| Your instructions |
Without skipping anything, write out each record below exactly.

─── Provided records

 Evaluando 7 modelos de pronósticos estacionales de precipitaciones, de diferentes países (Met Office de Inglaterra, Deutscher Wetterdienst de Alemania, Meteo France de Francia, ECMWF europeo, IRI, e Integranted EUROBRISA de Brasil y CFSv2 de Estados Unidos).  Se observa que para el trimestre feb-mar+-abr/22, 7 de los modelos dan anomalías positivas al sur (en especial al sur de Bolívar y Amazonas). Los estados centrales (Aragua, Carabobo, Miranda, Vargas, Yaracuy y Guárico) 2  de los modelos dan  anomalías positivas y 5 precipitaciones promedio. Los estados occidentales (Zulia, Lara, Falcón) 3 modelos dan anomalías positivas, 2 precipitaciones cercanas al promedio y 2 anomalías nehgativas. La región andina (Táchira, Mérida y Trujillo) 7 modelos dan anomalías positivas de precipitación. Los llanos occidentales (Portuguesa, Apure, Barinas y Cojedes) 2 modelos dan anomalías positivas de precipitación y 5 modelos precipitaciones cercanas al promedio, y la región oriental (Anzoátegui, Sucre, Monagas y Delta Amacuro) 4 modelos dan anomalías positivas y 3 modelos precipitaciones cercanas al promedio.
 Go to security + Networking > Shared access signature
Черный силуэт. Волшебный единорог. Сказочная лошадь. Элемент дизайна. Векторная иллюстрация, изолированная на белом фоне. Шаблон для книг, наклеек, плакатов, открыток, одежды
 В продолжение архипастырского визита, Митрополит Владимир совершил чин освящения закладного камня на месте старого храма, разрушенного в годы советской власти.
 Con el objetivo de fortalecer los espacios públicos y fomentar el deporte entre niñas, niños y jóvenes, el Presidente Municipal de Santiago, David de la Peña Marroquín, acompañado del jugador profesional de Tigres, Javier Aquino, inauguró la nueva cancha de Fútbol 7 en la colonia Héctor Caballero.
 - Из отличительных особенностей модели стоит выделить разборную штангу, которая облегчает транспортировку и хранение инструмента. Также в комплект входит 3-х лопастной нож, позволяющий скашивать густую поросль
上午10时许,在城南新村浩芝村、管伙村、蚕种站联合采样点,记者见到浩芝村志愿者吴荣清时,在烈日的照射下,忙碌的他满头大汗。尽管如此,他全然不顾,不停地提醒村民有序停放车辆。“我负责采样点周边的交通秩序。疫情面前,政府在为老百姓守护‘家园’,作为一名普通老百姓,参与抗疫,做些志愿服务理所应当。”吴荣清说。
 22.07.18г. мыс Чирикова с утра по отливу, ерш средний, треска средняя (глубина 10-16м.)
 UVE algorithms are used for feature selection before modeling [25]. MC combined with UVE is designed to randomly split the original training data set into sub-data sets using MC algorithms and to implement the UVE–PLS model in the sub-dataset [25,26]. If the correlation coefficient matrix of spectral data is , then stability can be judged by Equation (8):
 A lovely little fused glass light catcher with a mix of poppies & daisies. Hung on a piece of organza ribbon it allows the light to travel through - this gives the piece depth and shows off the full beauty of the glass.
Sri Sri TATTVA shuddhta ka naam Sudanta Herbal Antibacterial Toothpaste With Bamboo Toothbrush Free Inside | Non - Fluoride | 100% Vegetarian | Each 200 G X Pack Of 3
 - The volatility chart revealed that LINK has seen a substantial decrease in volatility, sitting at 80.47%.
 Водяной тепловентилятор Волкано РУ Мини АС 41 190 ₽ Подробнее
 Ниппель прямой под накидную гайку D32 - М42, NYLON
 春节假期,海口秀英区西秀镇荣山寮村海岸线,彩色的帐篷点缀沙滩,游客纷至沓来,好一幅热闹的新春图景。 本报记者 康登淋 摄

──────

| Exercise solution |
 Evaluando 7 modelos de pronósticos estacionales de precipitaciones, de diferentes países (Met Office de Inglaterra, Deutscher Wetterdienst de Alemania, Meteo France de Francia, ECMWF europeo, IRI, e Integranted EUROBRISA de Brasil y CFSv2 de Estados Unidos).  Se observa que para el trimestre feb-mar+-abr/22, 7 de los modelos dan anomalías positivas al sur (en especial al sur de Bolívar y Amazonas). Los estados centrales (Aragua, Carabobo, Miranda, Vargas, Yaracuy y Guárico) 2  de los modelos dan  anomalías positivas y 5 precipitaciones promedio. Los estados occidentales (Zulia, Lara, Falcón) 3 modelos dan anomalías positivas, 2 precipitaciones cercanas al promedio y 2 anomalías nehgativas. La región andina (Táchira, Mérida y Trujillo) 7 modelos dan anomalías positivas de precipitación. Los llanos occidentales (Portuguesa, Apure, Barinas y Cojedes) 2 modelos dan anomalías positivas de precipitación y 5 modelos precipitaciones cercanas al promedio, y la región oriental (Anzoátegui, Sucre, Monagas y Delta Amacuro) 4 modelos dan anomalías positivas y 3 modelos precipitaciones cercanas al promedio.
 Go to security + Networking > Shared access signature
Черный силуэт. Волшебный единорог. Сказочная лошадь. Элемент дизайна. Векторная иллюстрация, изолированная на белом фоне. Шаблон для книг, наклеек, плакатов, открыток, одежды
 В продолжение архипастырского визита, Митрополит Владимир совершил чин освящения закладного камня на месте старого храма, разрушенного в годы советской власти.
 Con el objetivo de fortalecer los espacios públicos y fomentar el deporte entre niñas, niños y jóvenes, el Presidente Municipal de Santiago, David de la Peña Marroquín, acompañado del jugador profesional de Tigres, Javier Aquino, inauguró la nueva cancha de Fútbol 7 en la colonia Héctor Caballero.
 - Из отличительных особенностей модели стоит выделить разборную штангу, которая облегчает транспортировку и хранение инструмента. Также в комплект входит 3-х лопастной нож, позволяющий скашивать густую поросль
上午10时许,在城南新村浩芝村、管伙村、蚕种站联合采样点,记者见到浩芝村志愿者吴荣清时,在烈日的照射下,忙碌的他满头大汗。尽管如此,他全然不顾,不停地提醒村民有序停放车辆。“我负责采样点周边的交通秩序。疫情面前,政府在为老百姓守护‘家园’,作为一名普通老百姓,参与抗疫,做些志愿服务理所应当。”吴荣清说。
 22.07.18г. мыс Чирикова с утра по отливу, ерш средний, треска средняя (глубина 10-16м.)
 UVE algorithms are used for feature selection before modeling [25]. MC combined with UVE is designed to randomly split the original training data set into sub-data sets using MC algorithms and to implement the UVE–PLS model in the sub-dataset [25,26]. If the correlation coefficient matrix of spectral data is , then stability can be judged by Equation (8):
 A lovely little fused glass light catcher with a mix of poppies & daisies. Hung on a piece of organza ribbon it allows the light to travel through - this gives the piece depth and shows off the full beauty of the glass.
Sri Sri TATTVA shuddhta ka naam Sudanta Herbal Antibacterial Toothpaste With Bamboo Toothbrush Free Inside | Non - Fluoride | 100% Vegetarian | Each 200 G X Pack Of 3
 - The volatility chart revealed that LINK has seen a substantial decrease in volatility, sitting at 80.47%.
 Водяной тепловентилятор Волкано РУ Мини АС 41 190 ₽ Подробнее
 Ниппель прямой под накидную гайку D32 - М42, NYLON
 春节假期,海口秀英区西秀镇荣山寮村海岸线,彩色的帐篷点缀沙滩,游客纷至沓来,好一幅热闹的新春图景。 本报记者 康登淋 摄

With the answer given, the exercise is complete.